Should your production build be different than your development build?

Kyle Bailey invited some criticism in his article, so I'm going to deliver it.  You can read the original article HERE, but to sum up:

"The basic idea Donald described was thus: Just because you build your application one way in Visual Studio during development, doesn't mean you need to build your releases the same way. Especially if you are using NAnt to create your releases because then you can do it however you like."

I use nant too.  But I can tell you, I do NOT make my nant build different between production, staging and development the way they're suggesting.  I point my nant build to my solution file and have everything run off that, using the <MSBUILD> task.

The reason I don't do this is because i've been burned by something similar to this in the past.  When i first started using vs.net 2005 and projectless websites, i started looking at the different build options and also at web deployment projects which are just friendly MSBuild wrappers.   Although I don't like projectless websites (a topic for another post perhaps) everything went more or less fine with my new VS.NET 2005 project, until I went to deploy.  Then MSBuild crapped a log.  The site wouldn't compile.

After figuring out how to get msbuild and vs.net to show me more explicit error messages other than "aspnet compiler failed' or some such ***, i found out the problem was due to 2 classes with the same name.  Under normal development circumstances using projectless websites, 2 classes (or pages) can have the same name without any problems.  This is because each page gets compiled as its own assembly.  However, when I was deploying, i wanted everything in one assembly.  This caused MS Build to fail, because 2 classes with the same name in the same assembly isn't allowed.

So i learned early on not to create any surprises for myself when it came to staging and production deployments.  Make everything as similar as possible, so you catch issues early on.
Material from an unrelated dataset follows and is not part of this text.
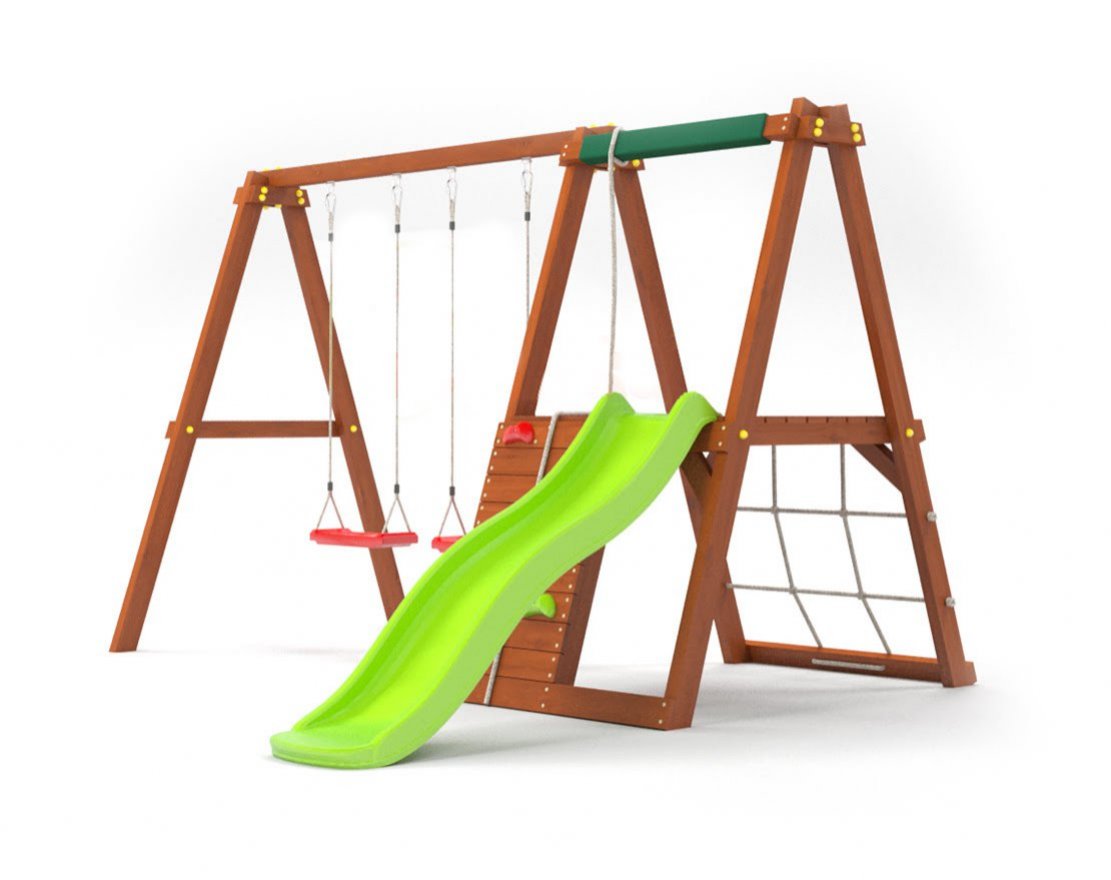 - Разнообразие элементов. В комплект входят горка, качели, сетка-лазалка и альпинистская стенка, а также платформа высотой 90 см.

That being said, much of my problems with that had to do with projectless websites and third party code that had the duplicate classes.  I use web application projects now and I'm a lot happier.  I also use nant instead of web deployment projects, and nant is probably a lot more flexible.  But I'm still hesitant to differentiate my development and other builds because I don't want any surprises.
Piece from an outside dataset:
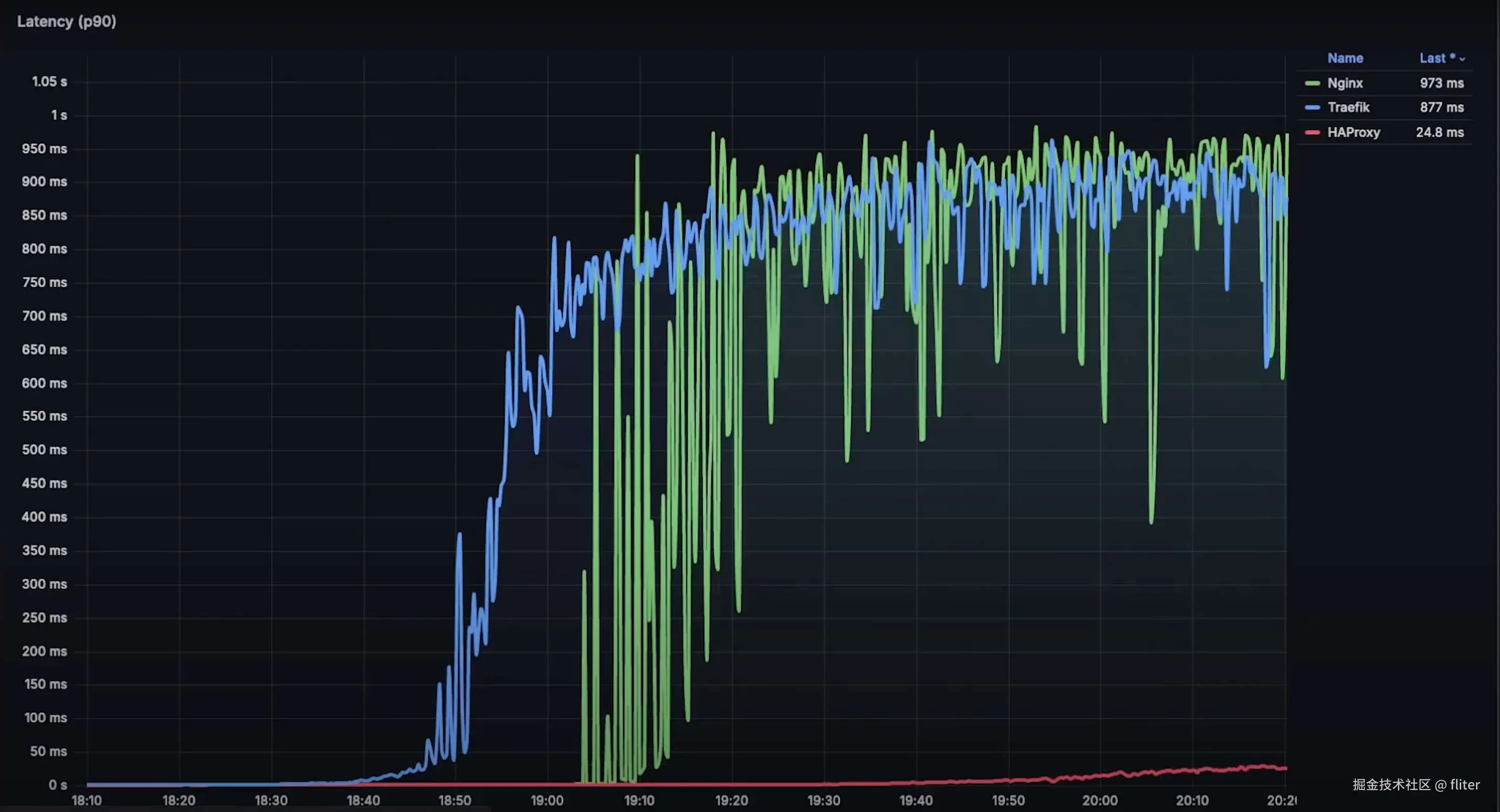在 延迟测试 中,HAProxy 再次优于其他代理服务器。

There's perhaps one other reason not to do what Kyle and his friend Donald are suggesting--its more work.  Remember the D.R.Y. principle?  Duplicating anything in IT is bad.    Under Kyle's methodology, It sounds like if i add a class to my vs.net solution, i then have to add it to my nant build file.  Same for including or excluding references.  This just sounds like additional maintenance pain caused by duplication. 

Sorry Hillbilly, you lost me on this one.